Jim’s father immigrated to the United States in 1917 “not knowing a word of English,” Jim said, at the behest of his best friend, who was already working in Glendive for the Northern Pacific Railroad. As fate would have it, the woman who would become Jim’s mother was also a native Swede who had immigrated to Montana and was working as a schoolteacher when his father met her.
Jim’s father had several siblings, most of whom stayed put in Sweden. Jim noted his father regularly corresponded with his family in Sweden to maintain the familial connections. In the century since Jim’s father left Sweden for Montana, the family he left behind has grown considerably.

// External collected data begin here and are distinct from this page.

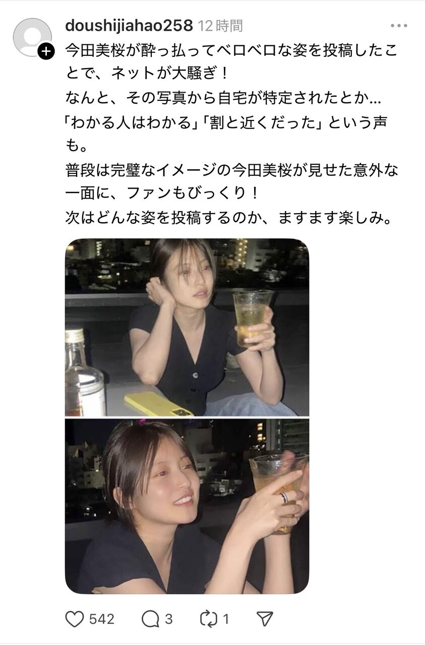 今田美桜、酒ベロベロ姿を公開→自宅特定される 2025年06月04日 カテゴリ:バラエティタレントまとめ 1: それでも動く名無し 2025/06/03(火) 09:52:20.06 ID:FQ5jhOHf0 2: それでも動く名無し 2025/06/03(火) 09:52:41.96 ID:FQ5jhOHf0 人気女優らしく高級マンションらしいで 13: それでも動く名無し 2025/06/03(火) 09:57:48.73 ID:f4Niz2d40 >>2 まあセキュリティがちゃんとしてないとね 【今田美桜、酒ベロベロ姿を公開→自宅特定される】の続きを読む タグ :#今田美桜
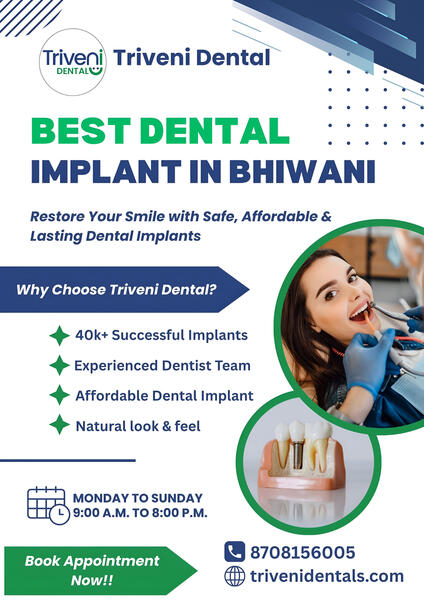 message trivenidental about this ad Looking for the best dental implant in Bhiwani? Choose Triveni Dental and get treated by the best dental implant doctors in Bhiwani at affordable cost with advanced technology. Trusted as the best dentist in Bhiwani for implants Natural-looking, long-lasting results Affordable pricing starting from 20,000 Book your appointment now |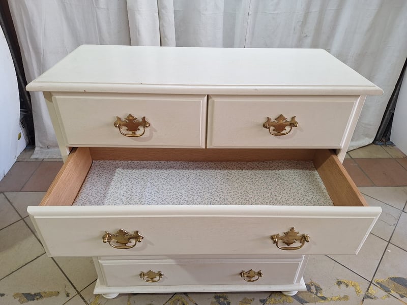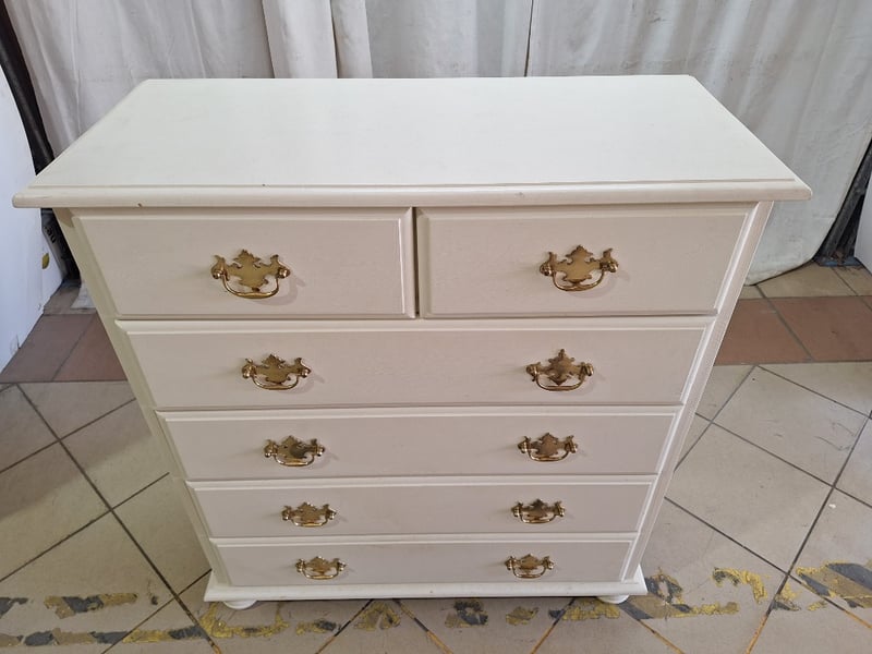 Chest Of Drawers, Timber Style, White & Gold Finish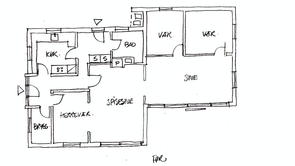 Vi vil gerne have forslag til en bedre indretning med et større badeværelse med plads til kar og brus, tre værelser og meget gerne udnyttelse af de ”spildte” kvadratmetre. Vi kan tilføje at både bad og køkken er de oprindelige fra huset blev opført, så de står under alle omstændigheder til udskiftning. Bryggerset er småt men der er plads til vaskesøjle og overtøj, så det ændrer vi ikke. Vi håber meget at du får tid til at kikke på det.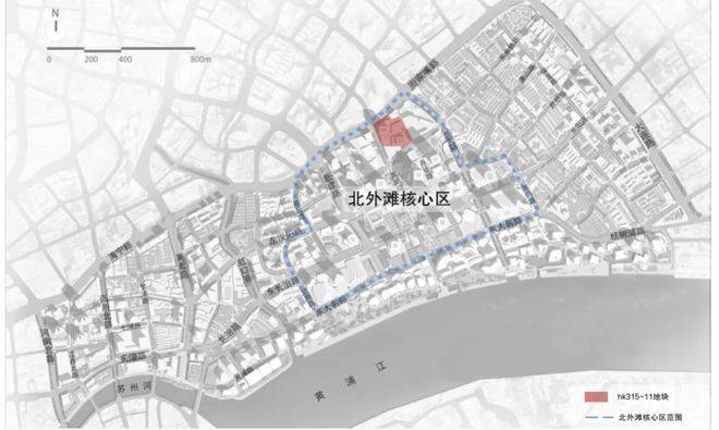 地块位于北外滩核心区,东至现状丹徒路,南至hk315-07地块和规划东余杭路,西至hk315-14地块,北至hk315-15地块和景泰大楼,与碧云北外滩直线距离仅约100米。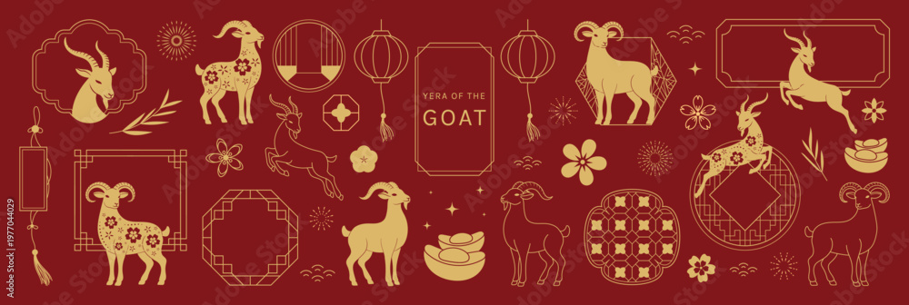 Plakat - Happy Chinese New Year 2027 goat vector set. Red and gold zodiac animal collection with ornamental frames, lantern, flowers, firecrackers and festive Chinese decorative elements..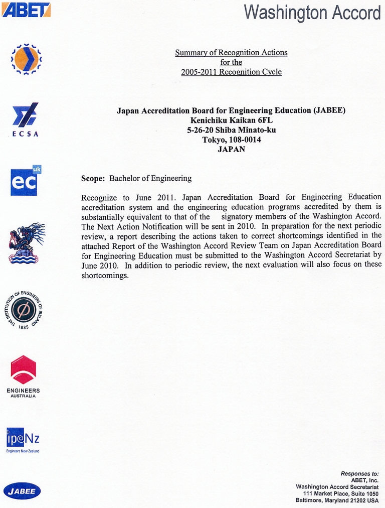 認証期間は2011年までとします。JABEEの認定制度とJABEEにより認定された技術者教育プログラムはワシントン協定加盟国の認定システムおよび技術者教育プログラムと実質的に同等であると見なします。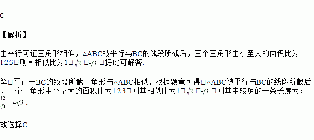 △ABC的面积被平行于BC的两条线段三等分,如果BC=12cm,那么这两条线段中较短的一条的长是( )

“There’s about 150 cousins there,” Jim noted.
Connections with those Swedish cousins have deepened over the years as Jim and Carol have swapped visits back and forth with them. Maj made her first trip to the United States a decade after meeting Jim and Carol for the first time as a child in 1968.

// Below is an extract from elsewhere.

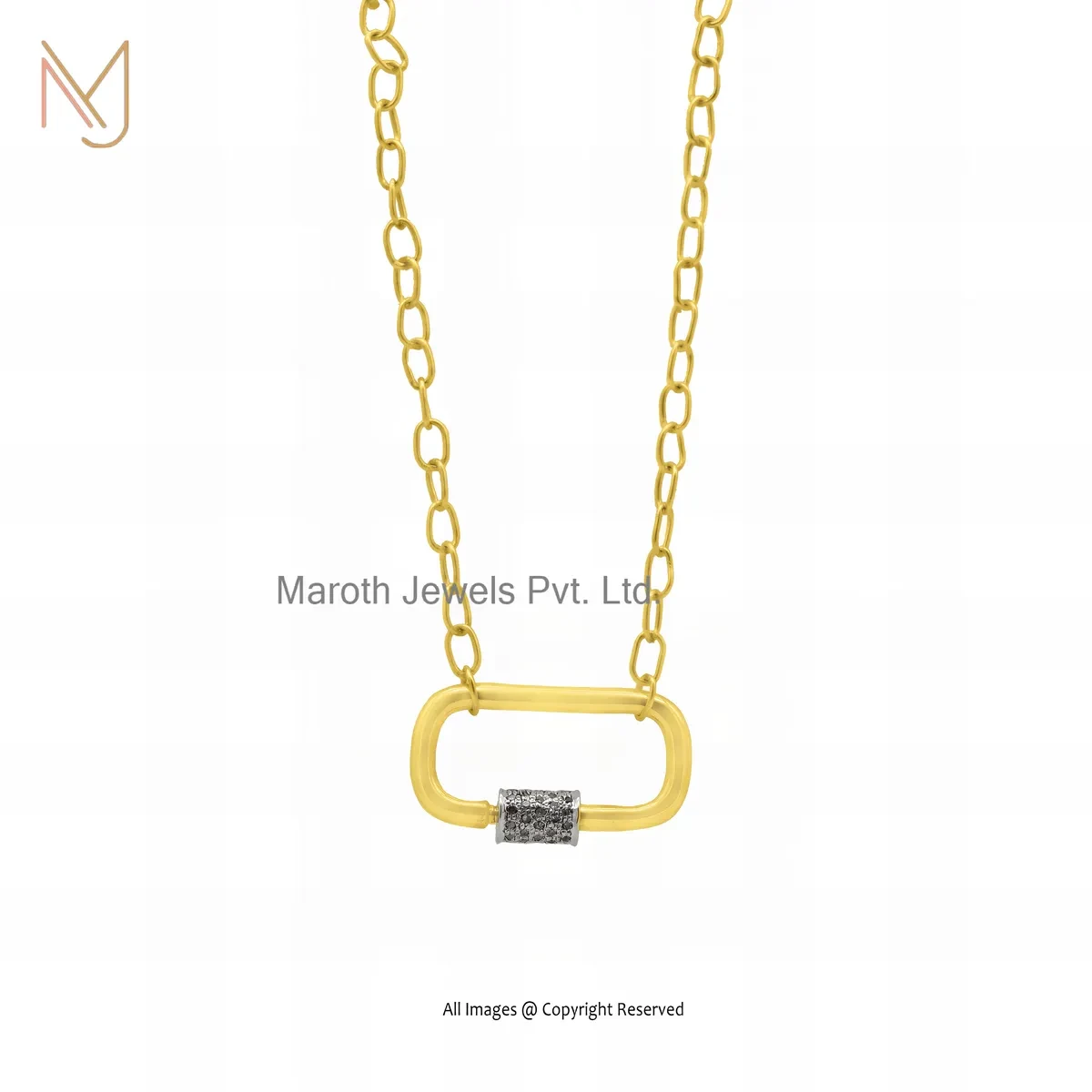 925 Silver Rhodium Plated Cubic Zircon And Amethyst Lock Finding Chain Necklace Carabiner Lock USA

In 1978, she, her parents and her little sister got their first glimpse of Montana. Maj said she remembers the first thing that struck her was how immense and open the landscape is compared to Sweden.

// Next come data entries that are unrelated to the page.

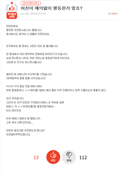 그런데 대부분 남자가 잘못했고, 남자 어머니가 예의가없다는 소리만 있고... 여자가 잘못했다는 덧글을 적은데요.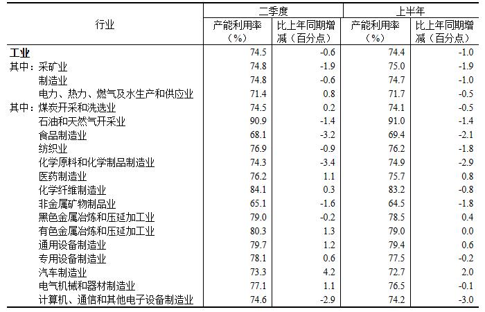 二季度,全國工業(yè)產(chǎn)能利用率為74.5%,比一季度上升0.2個百分點。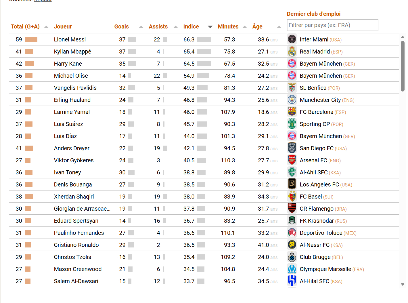 CIES足球天文台发布最新统计报告,统计了过去一年全球67个联赛中参与进球最多的球员。从纯数据角度看,在不区分联赛水平的情况下,梅西以59次参与进球(37球+22次助攻)领跑榜单,较其他任何球员多出17次。

“Much bigger ... all the roads straight ahead and long, long, long, long,” Maj said about the first thing in Montana which struck her as being different from Sweden.
“Big” is a word that seems to come up often when Maj and Ambjorn describe as what they see as the largest differences between Montana and Sweden, whether it’s the size of the landscape or the portions served up at meals. Maj said the other thing she remembers that really struck her during her first visit to America were the size of the steaks served up to them at a local restaurant.
“The other thing I remember are the two T-bone steaks, they were so big,” Maj said.
Robust steak cuts are fine by Ambjorn, who didn’t make his first trip to Montana until 2008. When asked what his favorite part about visiting Montana is, he simply responded, “steaks.”
That doesn’t necessarily mean that the Swedish siblings think that bigger or more is always better.
Ambjorn noted that one of the major differences between the United States and Sweden he notices on every trip is how much easier it is to get around his native country without a car.
“I think the biggest difference in Sweden is we have trains and buses and we can go everywhere in Sweden by train,” he said.
Carol noted that the siblings are also taken aback by how many sugary beverages Americans consume.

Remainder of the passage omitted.